Given data
════════════════════

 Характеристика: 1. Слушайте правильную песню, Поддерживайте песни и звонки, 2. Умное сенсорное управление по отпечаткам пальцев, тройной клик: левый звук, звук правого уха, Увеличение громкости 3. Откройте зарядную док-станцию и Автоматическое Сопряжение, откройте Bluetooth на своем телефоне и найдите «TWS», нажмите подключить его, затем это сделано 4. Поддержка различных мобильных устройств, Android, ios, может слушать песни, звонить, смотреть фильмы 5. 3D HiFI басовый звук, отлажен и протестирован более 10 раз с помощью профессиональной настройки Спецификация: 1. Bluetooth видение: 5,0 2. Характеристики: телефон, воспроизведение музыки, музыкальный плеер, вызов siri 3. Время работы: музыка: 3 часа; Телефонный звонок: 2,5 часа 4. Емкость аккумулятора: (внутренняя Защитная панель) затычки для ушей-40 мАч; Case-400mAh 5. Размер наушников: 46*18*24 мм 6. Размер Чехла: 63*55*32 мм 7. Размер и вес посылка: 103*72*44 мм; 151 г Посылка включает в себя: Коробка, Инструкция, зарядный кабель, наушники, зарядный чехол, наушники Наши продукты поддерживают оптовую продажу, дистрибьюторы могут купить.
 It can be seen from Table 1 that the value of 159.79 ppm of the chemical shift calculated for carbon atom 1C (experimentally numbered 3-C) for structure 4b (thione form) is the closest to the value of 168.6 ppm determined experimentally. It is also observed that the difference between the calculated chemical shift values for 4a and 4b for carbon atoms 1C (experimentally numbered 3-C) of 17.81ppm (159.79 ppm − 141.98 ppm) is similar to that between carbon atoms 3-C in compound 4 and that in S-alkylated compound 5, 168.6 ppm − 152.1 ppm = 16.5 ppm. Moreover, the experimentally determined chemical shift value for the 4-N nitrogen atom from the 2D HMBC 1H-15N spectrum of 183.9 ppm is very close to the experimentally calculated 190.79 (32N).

════════════════════

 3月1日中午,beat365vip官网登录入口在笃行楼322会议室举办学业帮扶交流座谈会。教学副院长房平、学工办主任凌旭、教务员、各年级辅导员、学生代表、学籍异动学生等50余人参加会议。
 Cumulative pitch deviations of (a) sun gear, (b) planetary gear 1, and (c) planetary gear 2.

════════════════════

Could you restate word for word the lines above from the one containing "Характеристика: 1. Слушайте" through the one containing "It can be seen", both included, and nothing else?

Result for this exercise
 Характеристика: 1. Слушайте правильную песню, Поддерживайте песни и звонки, 2. Умное сенсорное управление по отпечаткам пальцев, тройной клик: левый звук, звук правого уха, Увеличение громкости 3. Откройте зарядную док-станцию и Автоматическое Сопряжение, откройте Bluetooth на своем телефоне и найдите «TWS», нажмите подключить его, затем это сделано 4. Поддержка различных мобильных устройств, Android, ios, может слушать песни, звонить, смотреть фильмы 5. 3D HiFI басовый звук, отлажен и протестирован более 10 раз с помощью профессиональной настройки Спецификация: 1. Bluetooth видение: 5,0 2. Характеристики: телефон, воспроизведение музыки, музыкальный плеер, вызов siri 3. Время работы: музыка: 3 часа; Телефонный звонок: 2,5 часа 4. Емкость аккумулятора: (внутренняя Защитная панель) затычки для ушей-40 мАч; Case-400mAh 5. Размер наушников: 46*18*24 мм 6. Размер Чехла: 63*55*32 мм 7. Размер и вес посылка: 103*72*44 мм; 151 г Посылка включает в себя: Коробка, Инструкция, зарядный кабель, наушники, зарядный чехол, наушники Наши продукты поддерживают оптовую продажу, дистрибьюторы могут купить.
 It can be seen from Table 1 that the value of 159.79 ppm of the chemical shift calculated for carbon atom 1C (experimentally numbered 3-C) for structure 4b (thione form) is the closest to the value of 168.6 ppm determined experimentally. It is also observed that the difference between the calculated chemical shift values for 4a and 4b for carbon atoms 1C (experimentally numbered 3-C) of 17.81ppm (159.79 ppm − 141.98 ppm) is similar to that between carbon atoms 3-C in compound 4 and that in S-alkylated compound 5, 168.6 ppm − 152.1 ppm = 16.5 ppm. Moreover, the experimentally determined chemical shift value for the 4-N nitrogen atom from the 2D HMBC 1H-15N spectrum of 183.9 ppm is very close to the experimentally calculated 190.79 (32N).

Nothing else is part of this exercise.